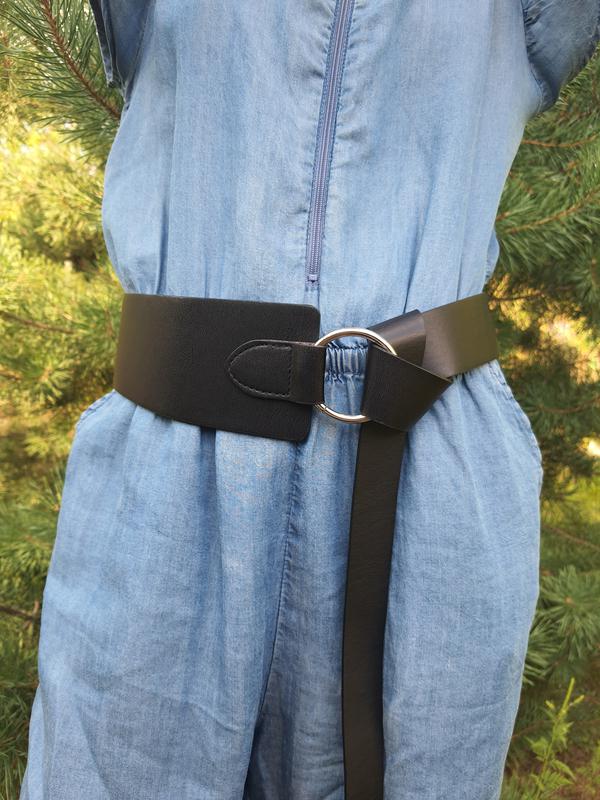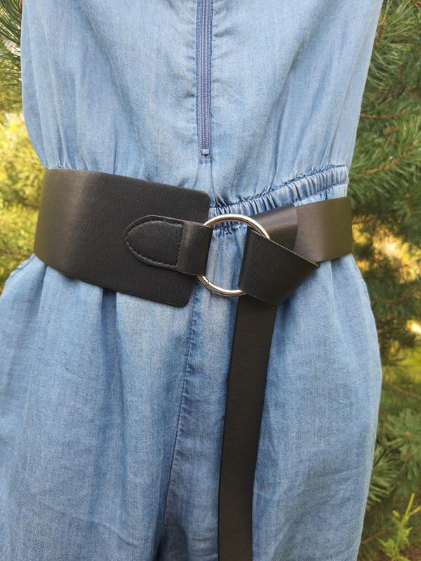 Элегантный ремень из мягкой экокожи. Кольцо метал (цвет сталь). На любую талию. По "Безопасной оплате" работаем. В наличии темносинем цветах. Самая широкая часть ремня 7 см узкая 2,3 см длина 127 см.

──────

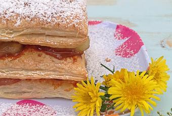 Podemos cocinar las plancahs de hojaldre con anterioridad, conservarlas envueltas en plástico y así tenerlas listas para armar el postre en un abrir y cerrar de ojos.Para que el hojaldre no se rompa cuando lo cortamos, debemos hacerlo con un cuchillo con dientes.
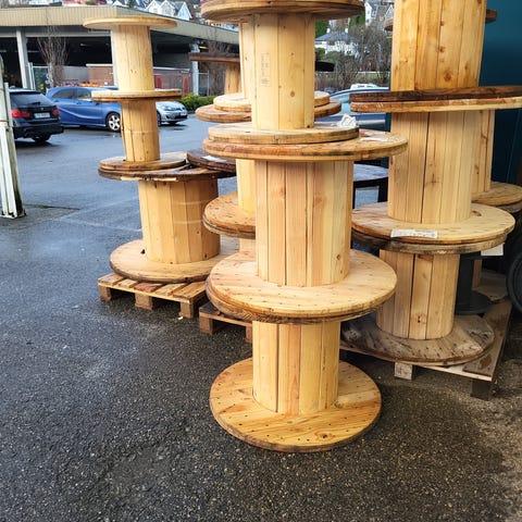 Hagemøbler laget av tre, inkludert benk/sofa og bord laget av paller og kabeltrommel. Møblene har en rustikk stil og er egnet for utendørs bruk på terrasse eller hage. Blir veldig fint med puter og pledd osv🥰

──────

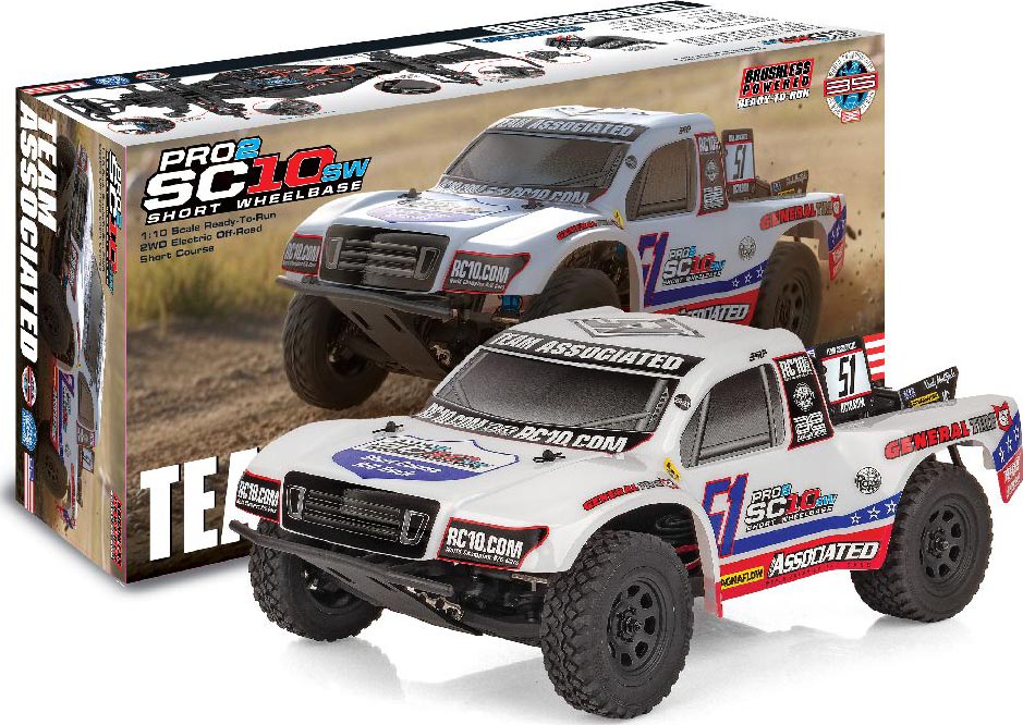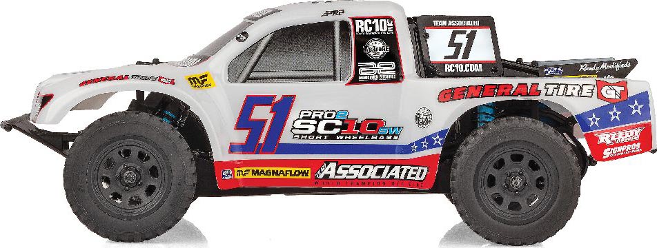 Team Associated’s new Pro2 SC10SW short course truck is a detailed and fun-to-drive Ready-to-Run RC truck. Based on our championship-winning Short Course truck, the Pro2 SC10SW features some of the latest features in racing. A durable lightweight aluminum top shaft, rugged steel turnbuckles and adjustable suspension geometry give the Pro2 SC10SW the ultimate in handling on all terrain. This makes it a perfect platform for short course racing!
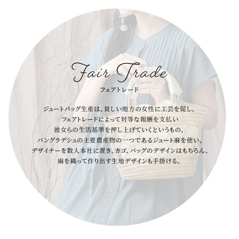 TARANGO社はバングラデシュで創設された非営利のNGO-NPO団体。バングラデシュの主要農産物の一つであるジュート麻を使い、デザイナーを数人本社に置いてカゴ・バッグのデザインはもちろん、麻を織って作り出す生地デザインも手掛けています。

──────

• _What needs to be done_
Reproduce the lines above beginning at the line that contains "Team Associated’s new" and ending at the line that contains "TARANGO社はバングラデ". No pictures.

• _Exercise solution_
 Team Associated’s new Pro2 SC10SW short course truck is a detailed and fun-to-drive Ready-to-Run RC truck. Based on our championship-winning Short Course truck, the Pro2 SC10SW features some of the latest features in racing. A durable lightweight aluminum top shaft, rugged steel turnbuckles and adjustable suspension geometry give the Pro2 SC10SW the ultimate in handling on all terrain. This makes it a perfect platform for short course racing!
 TARANGO社はバングラデシュで創設された非営利のNGO-NPO団体。バングラデシュの主要農産物の一つであるジュート麻を使い、デザイナーを数人本社に置いてカゴ・バッグのデザインはもちろん、麻を織って作り出す生地デザインも手掛けています。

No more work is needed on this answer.